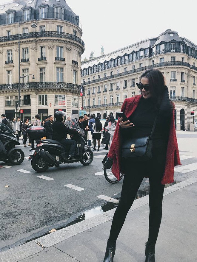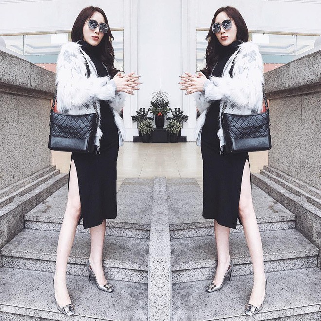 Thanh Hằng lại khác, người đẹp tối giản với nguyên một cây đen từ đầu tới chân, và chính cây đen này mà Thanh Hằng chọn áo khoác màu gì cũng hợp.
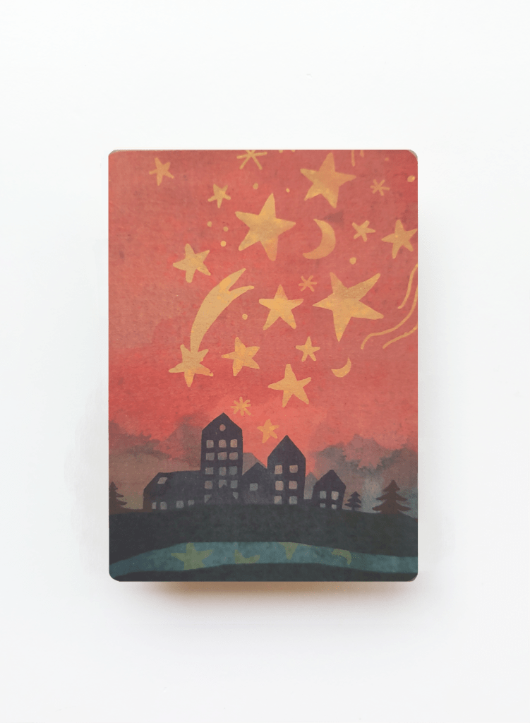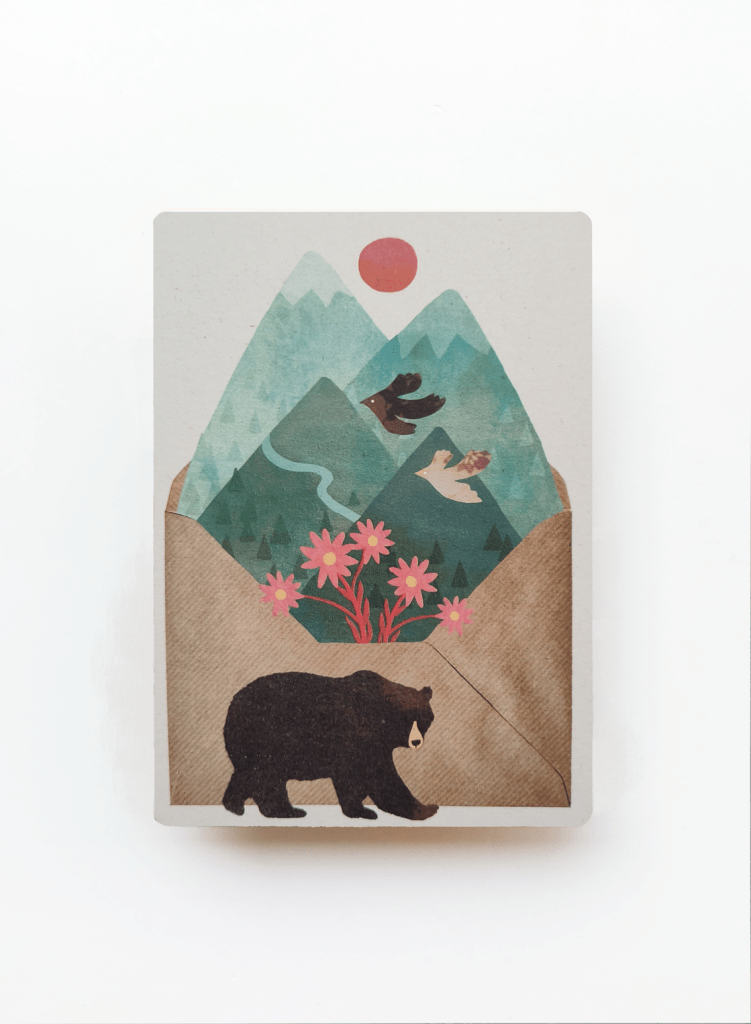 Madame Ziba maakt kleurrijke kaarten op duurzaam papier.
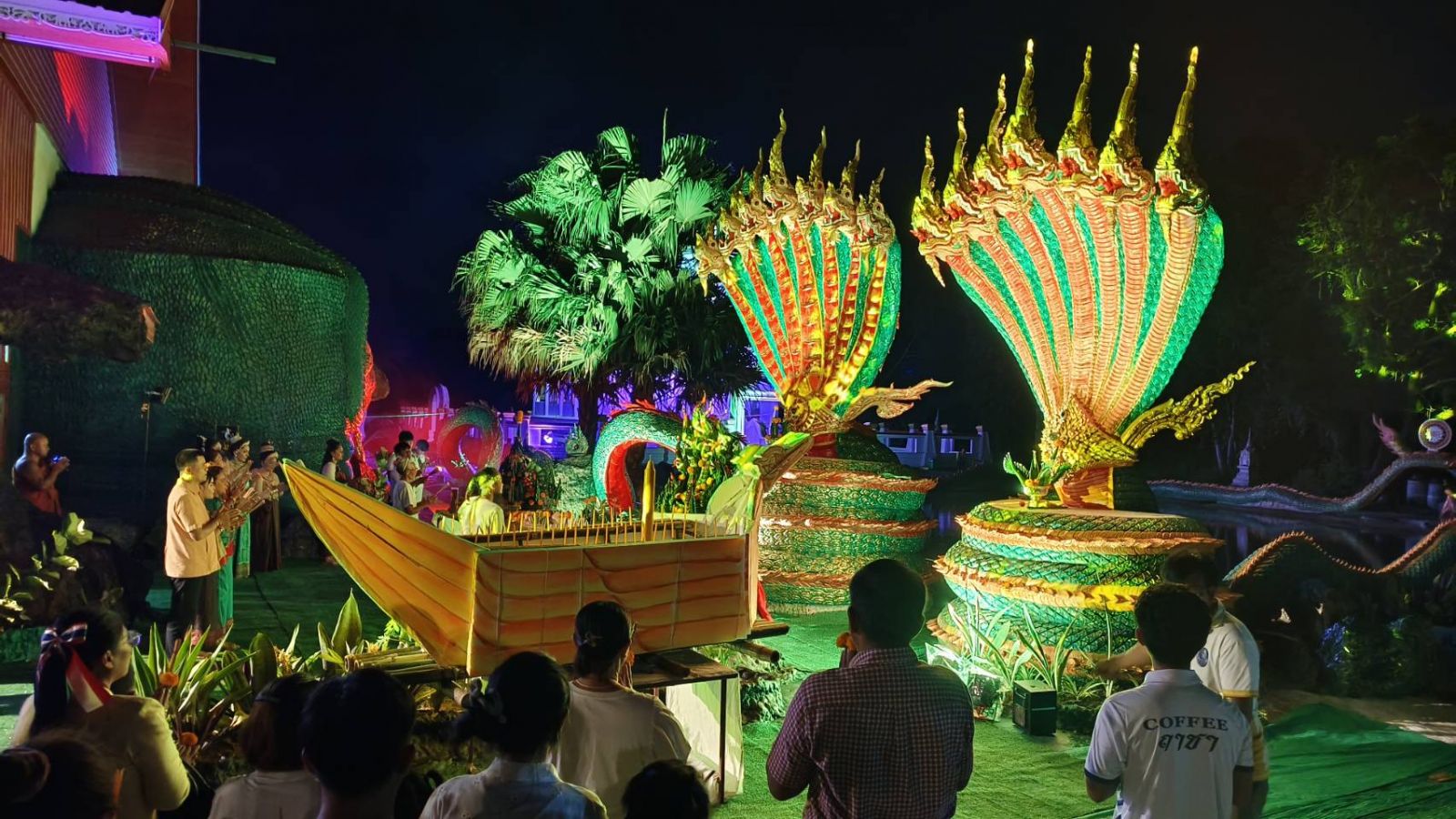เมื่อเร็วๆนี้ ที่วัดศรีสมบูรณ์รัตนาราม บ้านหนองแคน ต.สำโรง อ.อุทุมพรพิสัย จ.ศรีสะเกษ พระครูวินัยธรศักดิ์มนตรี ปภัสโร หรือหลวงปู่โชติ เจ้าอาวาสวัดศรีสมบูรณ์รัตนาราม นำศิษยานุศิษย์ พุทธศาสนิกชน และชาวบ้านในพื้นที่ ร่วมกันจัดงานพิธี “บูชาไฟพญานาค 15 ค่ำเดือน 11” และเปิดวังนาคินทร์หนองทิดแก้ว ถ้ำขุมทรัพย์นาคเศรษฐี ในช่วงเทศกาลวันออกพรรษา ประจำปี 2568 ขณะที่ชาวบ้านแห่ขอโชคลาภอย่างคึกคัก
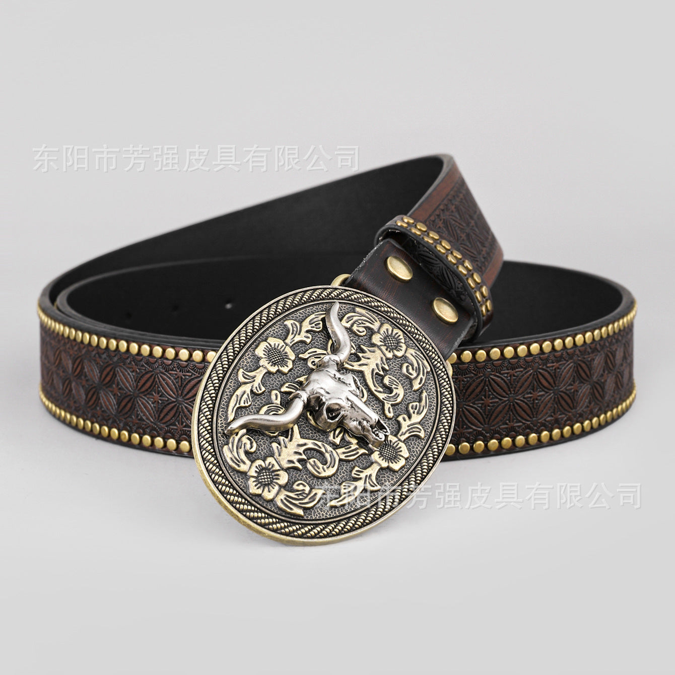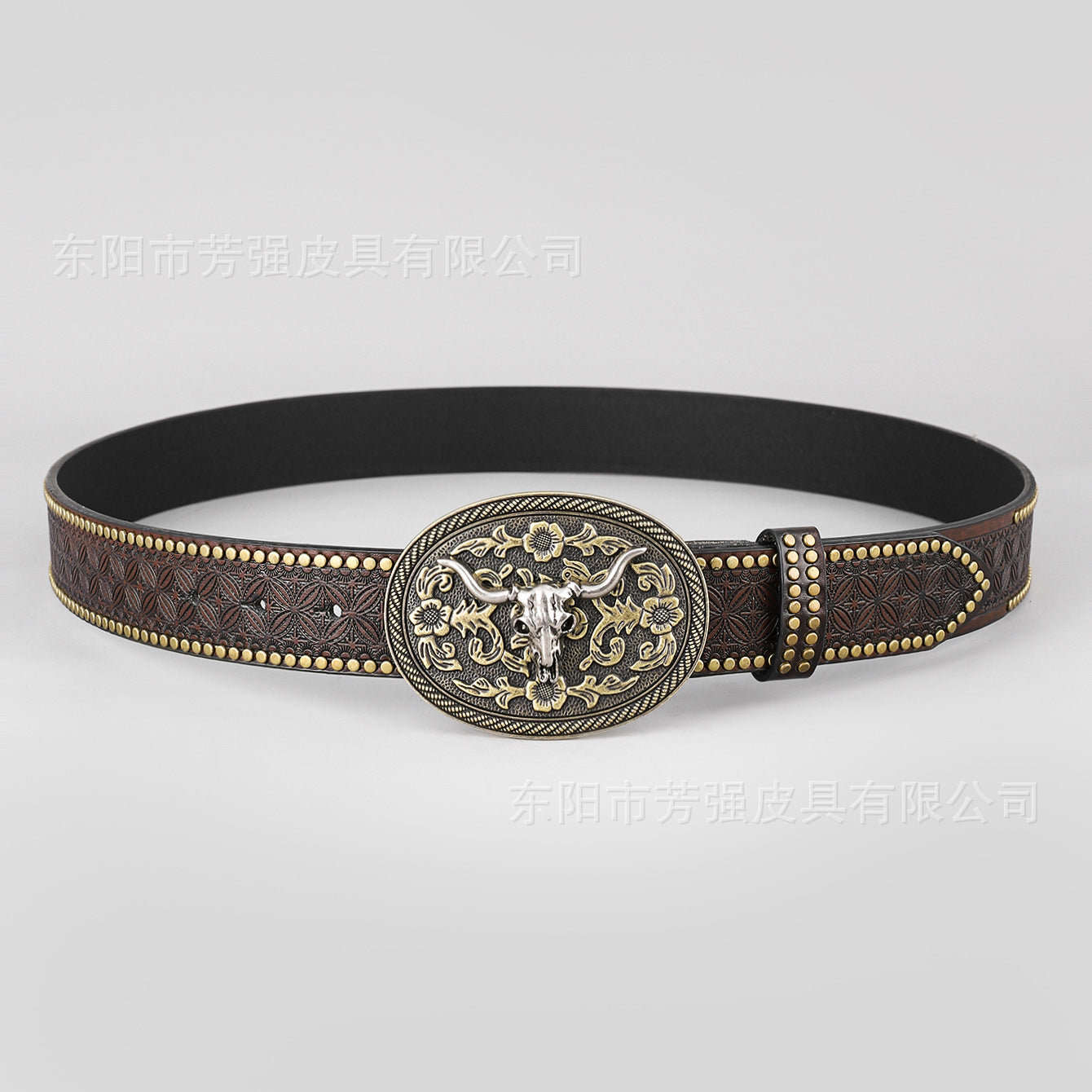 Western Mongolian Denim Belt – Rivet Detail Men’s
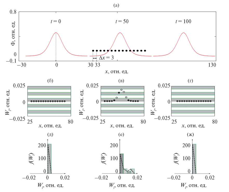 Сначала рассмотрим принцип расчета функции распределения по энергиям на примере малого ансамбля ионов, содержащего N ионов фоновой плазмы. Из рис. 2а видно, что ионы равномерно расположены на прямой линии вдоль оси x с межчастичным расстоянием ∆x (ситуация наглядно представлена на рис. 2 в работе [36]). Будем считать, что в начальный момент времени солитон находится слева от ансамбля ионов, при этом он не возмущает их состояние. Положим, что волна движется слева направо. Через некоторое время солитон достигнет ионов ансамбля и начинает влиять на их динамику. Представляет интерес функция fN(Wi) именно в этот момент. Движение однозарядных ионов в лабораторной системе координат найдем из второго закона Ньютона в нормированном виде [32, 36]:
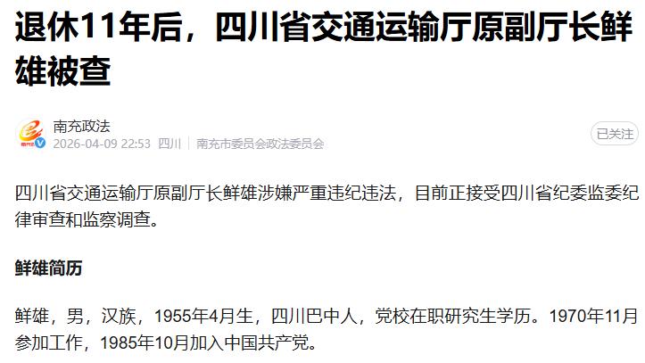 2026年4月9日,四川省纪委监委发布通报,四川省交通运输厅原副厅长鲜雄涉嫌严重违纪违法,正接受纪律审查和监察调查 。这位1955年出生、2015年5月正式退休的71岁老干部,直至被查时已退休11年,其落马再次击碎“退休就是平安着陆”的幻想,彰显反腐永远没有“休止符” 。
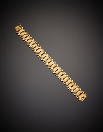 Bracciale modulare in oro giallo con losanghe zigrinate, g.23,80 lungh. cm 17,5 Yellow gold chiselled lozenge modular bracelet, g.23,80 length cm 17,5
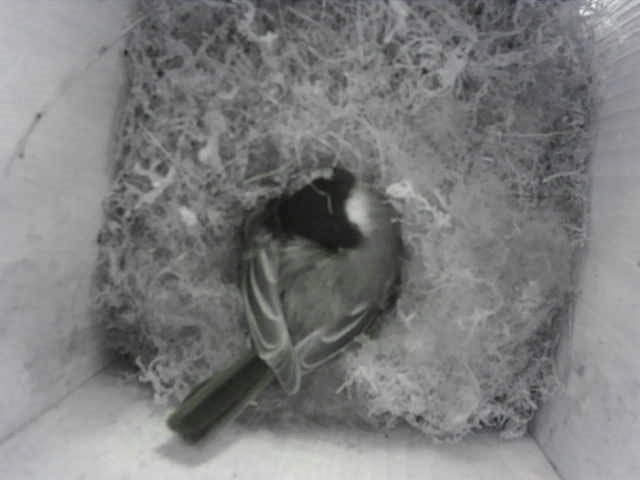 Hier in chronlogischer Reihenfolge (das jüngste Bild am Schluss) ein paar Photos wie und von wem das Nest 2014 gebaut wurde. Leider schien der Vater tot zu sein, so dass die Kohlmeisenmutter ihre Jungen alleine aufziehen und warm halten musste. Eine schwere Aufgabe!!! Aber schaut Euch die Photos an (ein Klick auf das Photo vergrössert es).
▬▬▬▬▬▬▬▬▬▬
▶ [AIM OF THE TASK]:
Each line from the one containing "Bracciale modulare in" through the last line of the entries above is to be extracted exactly. Pictures are not part of the copy.

▶ [OUTPUT FOR THIS TASK]:
 Bracciale modulare in oro giallo con losanghe zigrinate, g.23,80 lungh. cm 17,5 Yellow gold chiselled lozenge modular bracelet, g.23,80 length cm 17,5
 Hier in chronlogischer Reihenfolge (das jüngste Bild am Schluss) ein paar Photos wie und von wem das Nest 2014 gebaut wurde. Leider schien der Vater tot zu sein, so dass die Kohlmeisenmutter ihre Jungen alleine aufziehen und warm halten musste. Eine schwere Aufgabe!!! Aber schaut Euch die Photos an (ein Klick auf das Photo vergrössert es).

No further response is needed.